Task prompt: Where an entry contains an image, skip the image and print the rest exactly.

Excerpted data:
==================================================
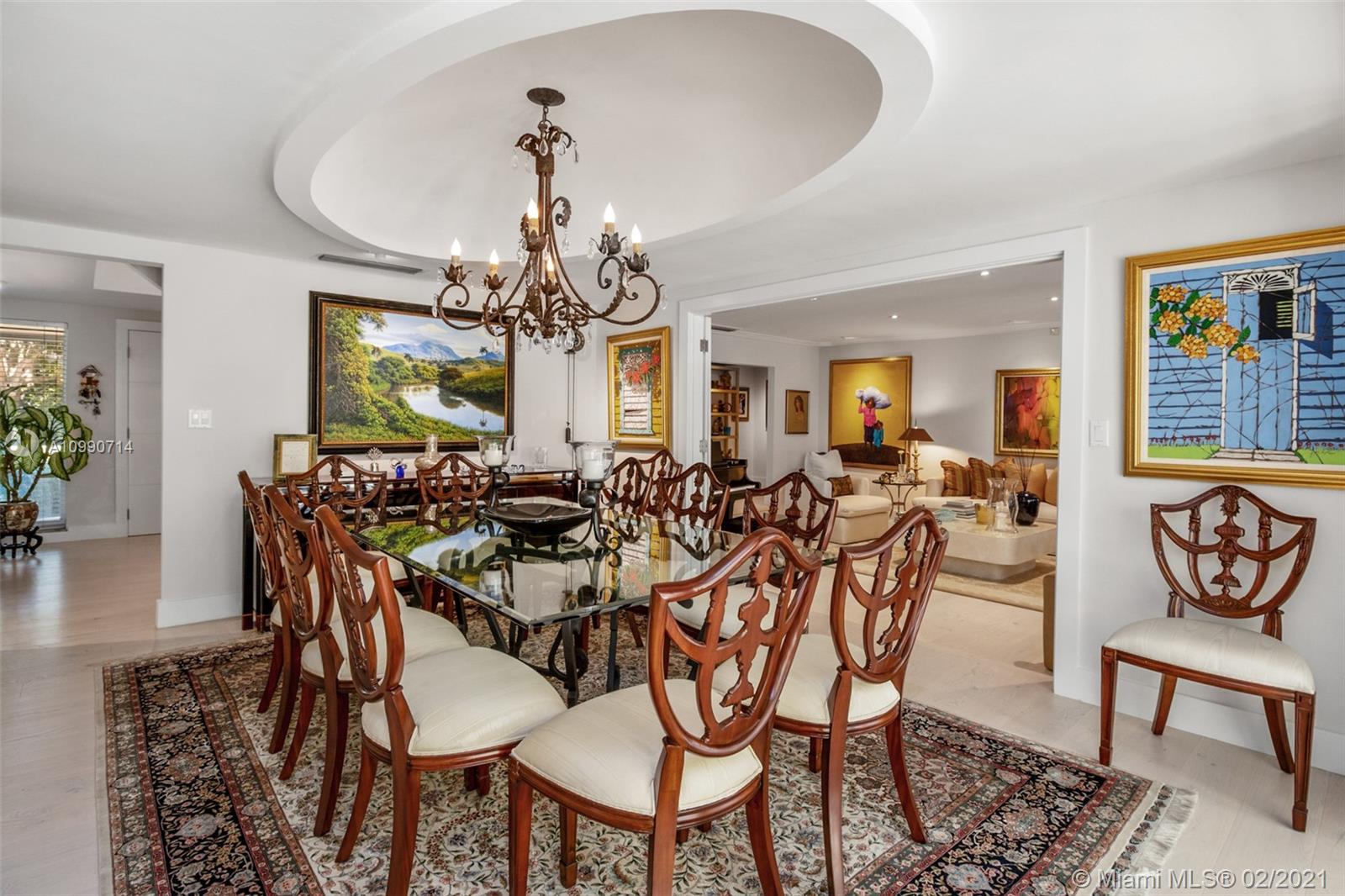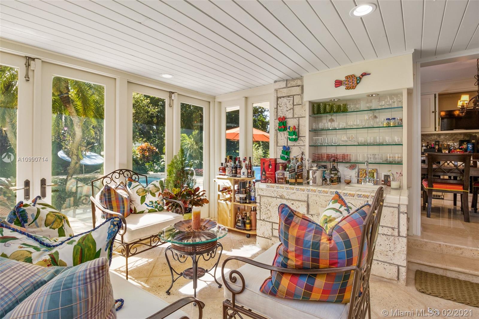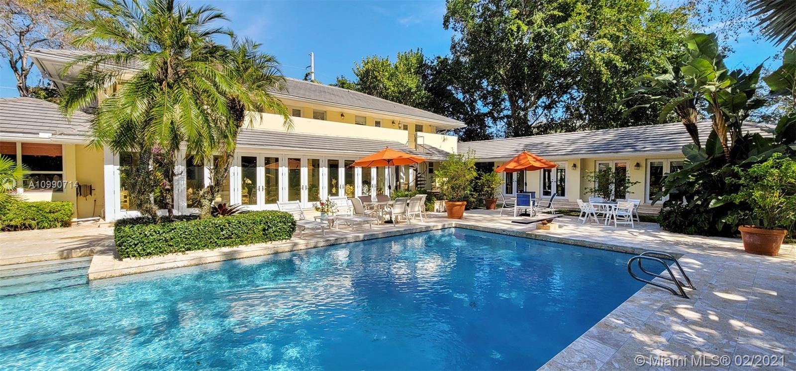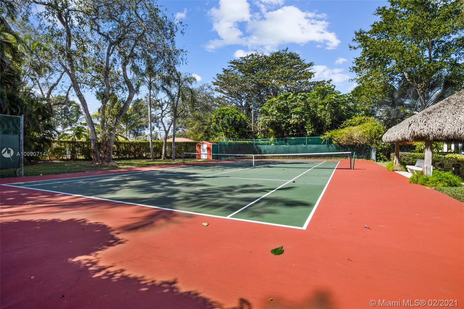 Elegance in Pinecrest. Large updated residence with separate guest house, heated pool and tennis court nestled in 49,222 sq. ft. of lush landscaping. Two story main house has 5 bedrooms, 5 bathrooms, two powder rooms, office, family room with wet bar, separate dining room, kitchen with island, adjoining breakfast room, laundry room and two car garage. Ideal happy home for a large family.
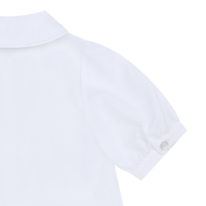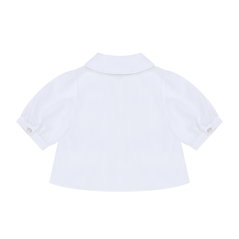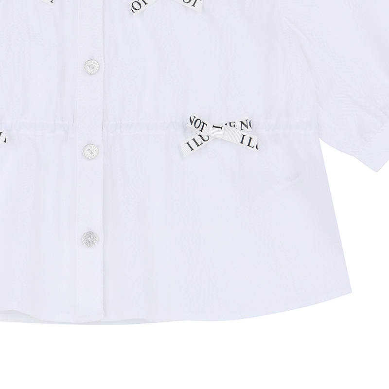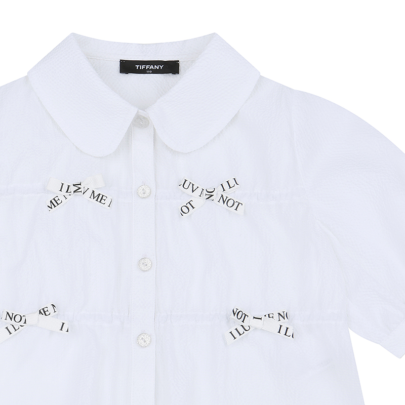깔끔한 느낌을 주는 화이트 카라 블라우스 몸판에 이밴드 셔링디테일로 귀여운 느낌을 주며 리본장식이 고정되어 포인트를 주는 아이템 입니다.
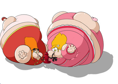 Really cute on this drawing! I love Balloon Gadget, and Fat Peach even more! I agree, all that cake did went to good use! XD
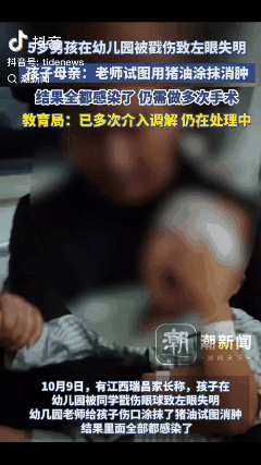 “太可怜了!”江西瑞昌,5岁男孩在幼儿园被同学戳伤眼球致左眼失明,老师在伤口涂猪油试图消肿,结果全都感染了。网友:猪油能消肿? 让人感到奇怪的是老师在发现孩子眼睛受伤后,没有及时联系家长并送医救治,反而给孩子伤口涂上猪油试图消肿,这是在哪学的方法。 男孩在幼儿园被同学戳到眼球,据孩子的妈妈魏女士说:现在整个眼角膜、虹膜、晶体、玻璃球、睫状肌全都破了。园方已向魏女士支付了27万医药费,但孩子后续的医疗费用还是一个难题。而男孩的一生也毁了,从一个正常男人变成了残疾人。男孩在妈妈的怀里哭的撕心裂肺,让人很是心疼。 老师的做法确实让人感到意外,男孩在学校受到伤害后,没有第一时间送往医院,也没有和家长进行沟通。 有网友说:这是一个不负责任的老师,那可是眼睛啊,害了孩子的一生。 其实这个网友说的还是很有道理的,眼睛对我们来说至关重要。虽然以后植入一个人工晶体在外观上看起来差不多,但他却失去了眼睛本有的功能,也让孩子成了残疾人。 这么小的孩子就要承受这么大的痛苦,这是无法用金钱可以弥补的。 对此你有什么看法?欢迎评论区留言。
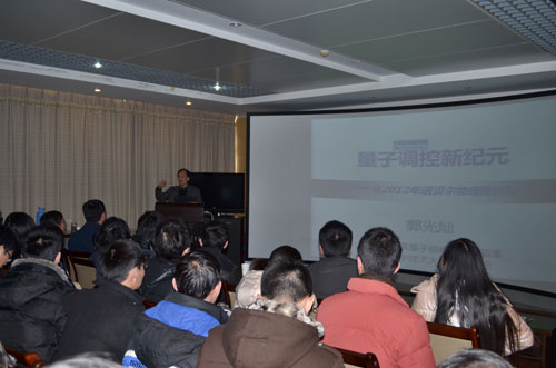 郭院士由2012年诺贝尔物理学奖授予量子物理学界两位专家的缘由谈起,回顾了在过去的几十年里量子物理理论、技术的发展与创新过程,预言未来100年内量子技术将把人类对未知物理世界的探索工作推向一个崭新的高度,同时也将会给人类的学习、工作、生活带来翻天覆地的变化,因而未来的世界将是量子调控技术掌控的奇妙新世界。报告会上郭院士以幽默的语言、深入浅出的说理,把复杂的量子世界栩栩如生地呈现在大家眼前,赢得了在场师生的阵阵掌声与会心笑声。报告会上,在场师生们反响热烈、踊跃提问,郭院士一一给予耐心回答、解释。
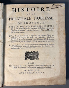 AIX-EN-PROVENCE. — [MAYNIER (B. de)]. Histoire de la principale noblesse de Provence. Aix, Joseph David, 1719. In-4, basane porphyre, dos orné, pièce de titre rouge, tranches mouchetées rouge (Reliure de l’époque). - Édition originale. -...
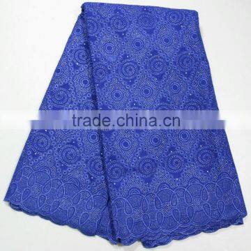 Latest lace 2015 embroidered cotton voile fabric royal blue swiss cotton lace fabric
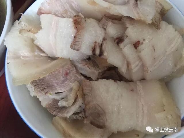 白肉在很多地方都有,云南人喜欢蘸当地非常特别的蘸水吃,在一些地方白肉是对肥肉的称呼,同时也是营养学上对肌肉纤维细腻、脂肪含量较低,或许平时你吃到的白肉有些油腻,而在杀猪饭上遇到的白肉通常肥而不腻,咬下去口留肉香。
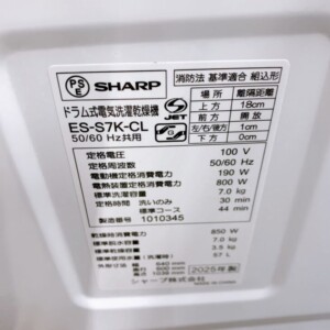 今回は香芝市にお住まいの40代・男性、会社員で単身世帯、賃貸(マンション)にお住まいのお客様より、シャープ ドラム式電気洗濯乾燥機 ES-S7K-CL(2025年製)を出張買取にてご依頼いただきました。
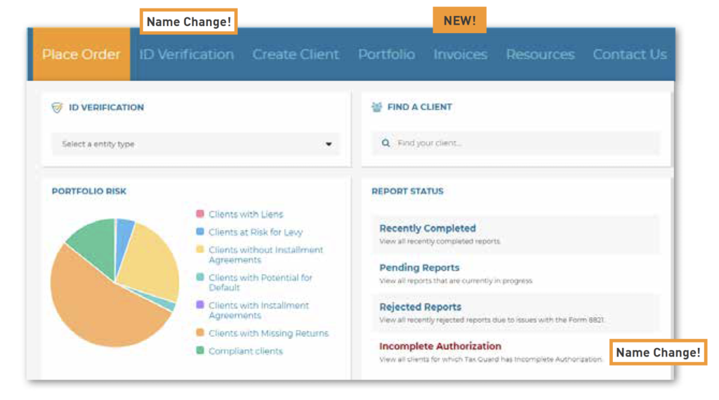 Start by checking out our improved, easy to use dashboard navigation. You’ll notice more robust information and updated billing data under the new Invoices page, located in the top navigation. These enhancements allow you to easily view your entire client list under Manage Clients. Please note that Report Status Attention is now called Incomplete Authorization, and is featured in the Portfolio dropdown. Finally, monitoring clients can now quickly view expiring forms for all active clients in the Portfolio dropdown.
==================================================
Result of the exercise:
 Elegance in Pinecrest. Large updated residence with separate guest house, heated pool and tennis court nestled in 49,222 sq. ft. of lush landscaping. Two story main house has 5 bedrooms, 5 bathrooms, two powder rooms, office, family room with wet bar, separate dining room, kitchen with island, adjoining breakfast room, laundry room and two car garage. Ideal happy home for a large family.
깔끔한 느낌을 주는 화이트 카라 블라우스 몸판에 이밴드 셔링디테일로 귀여운 느낌을 주며 리본장식이 고정되어 포인트를 주는 아이템 입니다.
 Really cute on this drawing! I love Balloon Gadget, and Fat Peach even more! I agree, all that cake did went to good use! XD
 “太可怜了!”江西瑞昌,5岁男孩在幼儿园被同学戳伤眼球致左眼失明,老师在伤口涂猪油试图消肿,结果全都感染了。网友:猪油能消肿? 让人感到奇怪的是老师在发现孩子眼睛受伤后,没有及时联系家长并送医救治,反而给孩子伤口涂上猪油试图消肿,这是在哪学的方法。 男孩在幼儿园被同学戳到眼球,据孩子的妈妈魏女士说:现在整个眼角膜、虹膜、晶体、玻璃球、睫状肌全都破了。园方已向魏女士支付了27万医药费,但孩子后续的医疗费用还是一个难题。而男孩的一生也毁了,从一个正常男人变成了残疾人。男孩在妈妈的怀里哭的撕心裂肺,让人很是心疼。 老师的做法确实让人感到意外,男孩在学校受到伤害后,没有第一时间送往医院,也没有和家长进行沟通。 有网友说:这是一个不负责任的老师,那可是眼睛啊,害了孩子的一生。 其实这个网友说的还是很有道理的,眼睛对我们来说至关重要。虽然以后植入一个人工晶体在外观上看起来差不多,但他却失去了眼睛本有的功能,也让孩子成了残疾人。 这么小的孩子就要承受这么大的痛苦,这是无法用金钱可以弥补的。 对此你有什么看法?欢迎评论区留言。
 郭院士由2012年诺贝尔物理学奖授予量子物理学界两位专家的缘由谈起,回顾了在过去的几十年里量子物理理论、技术的发展与创新过程,预言未来100年内量子技术将把人类对未知物理世界的探索工作推向一个崭新的高度,同时也将会给人类的学习、工作、生活带来翻天覆地的变化,因而未来的世界将是量子调控技术掌控的奇妙新世界。报告会上郭院士以幽默的语言、深入浅出的说理,把复杂的量子世界栩栩如生地呈现在大家眼前,赢得了在场师生的阵阵掌声与会心笑声。报告会上,在场师生们反响热烈、踊跃提问,郭院士一一给予耐心回答、解释。
 AIX-EN-PROVENCE. — [MAYNIER (B. de)]. Histoire de la principale noblesse de Provence. Aix, Joseph David, 1719. In-4, basane porphyre, dos orné, pièce de titre rouge, tranches mouchetées rouge (Reliure de l’époque). - Édition originale. -...
 Latest lace 2015 embroidered cotton voile fabric royal blue swiss cotton lace fabric
 白肉在很多地方都有,云南人喜欢蘸当地非常特别的蘸水吃,在一些地方白肉是对肥肉的称呼,同时也是营养学上对肌肉纤维细腻、脂肪含量较低,或许平时你吃到的白肉有些油腻,而在杀猪饭上遇到的白肉通常肥而不腻,咬下去口留肉香。
 今回は香芝市にお住まいの40代・男性、会社員で単身世帯、賃貸(マンション)にお住まいのお客様より、シャープ ドラム式電気洗濯乾燥機 ES-S7K-CL(2025年製)を出張買取にてご依頼いただきました。
 Start by checking out our improved, easy to use dashboard navigation. You’ll notice more robust information and updated billing data under the new Invoices page, located in the top navigation. These enhancements allow you to easily view your entire client list under Manage Clients. Please note that Report Status Attention is now called Incomplete Authorization, and is featured in the Portfolio dropdown. Finally, monitoring clients can now quickly view expiring forms for all active clients in the Portfolio dropdown.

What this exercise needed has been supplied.